Top business brains will tackle Tacoma traffic

DAN VOELPEL; THE NEWS TRIBUNE

Melanie Dressel made a confession Tuesday. The CEO of Columbia Bank occasionally rides the bus.

Eric Anderson chimed in with a confession, too. Tacoma’s city manager lamented the lack of any cohesive strategy for the future movement of cars and people in downtown Tacoma.

The chief executives made their revelations to fellow head honchos from some of Tacoma’s largest and most influential employers: DaVita, BCRA, Tacoma-Pierce County Chamber of Commerce, Eisenhower Carlson, Franciscan Health System, Moss Adams, MultiCare, PCS Structural Engineers, Regence BlueShield, Simpson, Pierce Transit, Port of Tacoma, Simon Johnson, O’Connor General Contractors, and the University of Washington Tacoma.

Tacoma’s brainpower convened at the Hotel Murano for the first in a series of early morning sessions with two goals:

 • Slash the numbers of their employees who drive alone to work in or near downtown.

 • Devise a new, agreed-upon transit network so seamless and efficient in its options and ability to deliver employees to their workplaces that it influences new companies to locate in downtown Tacoma.

Easier said than done. Transportation traditionally ranks as the region’s top problem in polls of regular folks like you and me. And yet last November we voted down a tax-package solution to our regional transit and roads problems.

If anyone can achieve those goals, I’ll bet on these folks. The state Department of Transportation has bet on them, too. The DOT granted the Chamber of Commerce $406,000 for a first-ever attempt to horse-collar CEOs into stopping their employees from driving solo to work.

What that looks like, no one quite knows yet. But if Jeff Brown, president of BCRA, can design a skyscraper, he probably has an idea or two that might work. Ray Tennison, CEO of Simpson, can oversee a holding company with timber, door and paper subsidiaries, so he certainly can help get his people from home to work and back more efficiently. Joe Wilczek, CEO of Franciscan Health Systems, runs four – soon to be five – hospitals throughout the South Sound, so designing a transit network to move his people can’t rank up there with brain surgery.

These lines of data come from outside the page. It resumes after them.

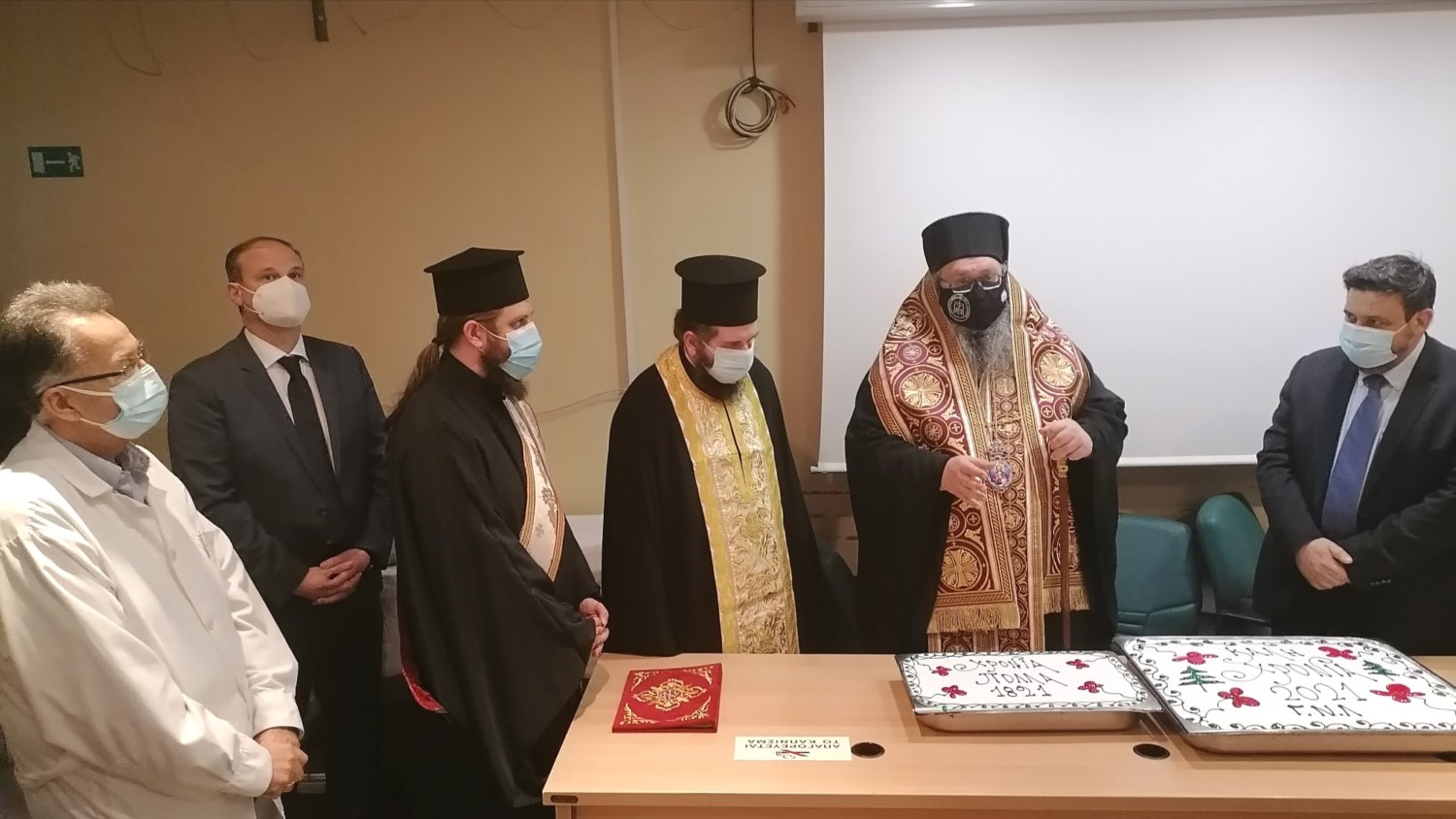 Ο Μητροπολίτης Ιερώνυμος ευλόγησε και έκοψε την βασιλόπιτα και απηύθυνε τις ευχαριστίες του στην Διοίκηση και στο προσωπικό του Νοσοκομείου, ως ένδειξη σεβασμού στο ρόλο και στο έργο τους στην δραματική αυτή συγκυρία της πανδημίας.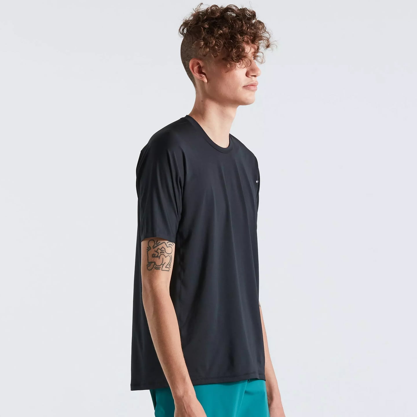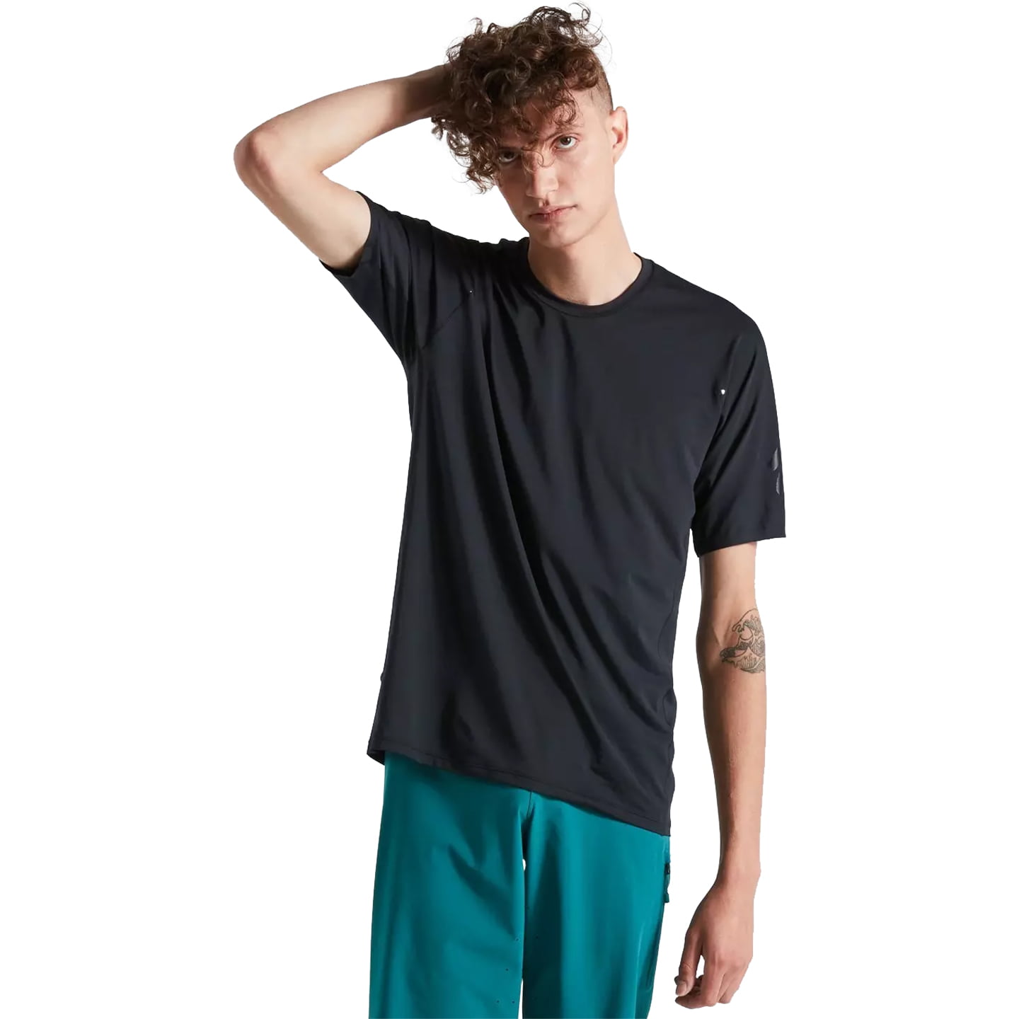 Maillot BTT informal que promete una excelente gestión de la humedad. El ajuste clásico de BTT con cuello redondo es maravillosamente cómodo. El tejido ligero de poliéster reciclado mantiene tu cuerpo seco y también destaca por su muy buena transpirabilidad y una protección UV FPS 30.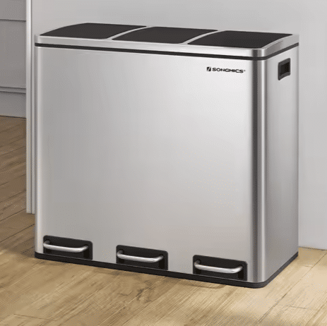 Mülltrennung leicht gemacht! Mit dem SONGMICS Mülltrennsystem mit Fußpedal wird das Recycling in deinem Zuhause einfacher und hygienischer. Der schicke 54-Liter-Mülleimer kommt mit drei separaten Inneneimern, sodass du Restmüll, Bioabfall & Co. sauber trennen kannst – und das alles, ohne den Eimer mit der Hand berühren zu müssen!

Besides, these CEOs have a host of new influences – rising gas prices, worsening roadway congestion and limited downtown parking. The sheer economics of putting gas in the tank may drive us out of our cars whether we like it or not.

My confession: Until gas topped $3 a gallon last year, I lamented its cost but really didn’t specifically calculate how it siphoned my household budget, nor did I look for alternatives.

But when I finally did, I realized that a 70-mile weekend trip from Tacoma to our Eatonville getaway – in my 18-miles-per-gallon minivan – costs me $11.67 with gas at $3 a gallon. Ouch.

The economics of gas prices persuaded me to buy a 250 cc scooter last summer. It gets more than 65 miles per gallon. You probably have noticed more scooters on the roads these days.

As a presidential candidate once said, “It’s the economy, stupid.”

I don’t think we’ll see Dressel on a Vespa anytime soon. (But who knows?)

The CEOs got a pep talk from John Resha, a consultant and former director of Urban Mobility Group, a four-year-old public-private venture to revamp downtown Seattle’s transit system.

In Seattle, projections showed a future with 70,000 new jobs and up to 60,000 more residents. With the existing person-to-parking-spot ratio, Seattle would need a parking garage covering four city blocks and nine stories high.

“No community wants that,” Resha said. “You have to ask, ‘How do we get the people from where they want to start to where they want to go?’ ”

In a private moment, Pierce Transit executives confided the future solution may involve two options used elsewhere but new to the Tacoma area:

 • A fleet of Zipcars – vehicles parked around town and rentable by the hour or day that you reserve online, unlock with a key card and return to its parking spot.

 • Bus Rapid Transit Lite, a bus that resembles a light rail car on wheels, which runs part-time with traffic and part-time in a traffic lane reserved only for it. BRT-Lite stops less frequently than a bus and only at beefed-up stations similar to light-rail stops. Look for the first one to run on Pacific Avenue from downtown Tacoma at least to Pacific Lutheran University and possibly as far as the Wal-Mart south of Spanaway.

That sounds like a good start.

“I’m happy to report,” Resha told the execs, “you have congestion. If you didn’t, you wouldn’t be having good or even average economic times. Congestion is sign of health.”

Let’s hope these CEOs step on the gas and make us less healthy soon.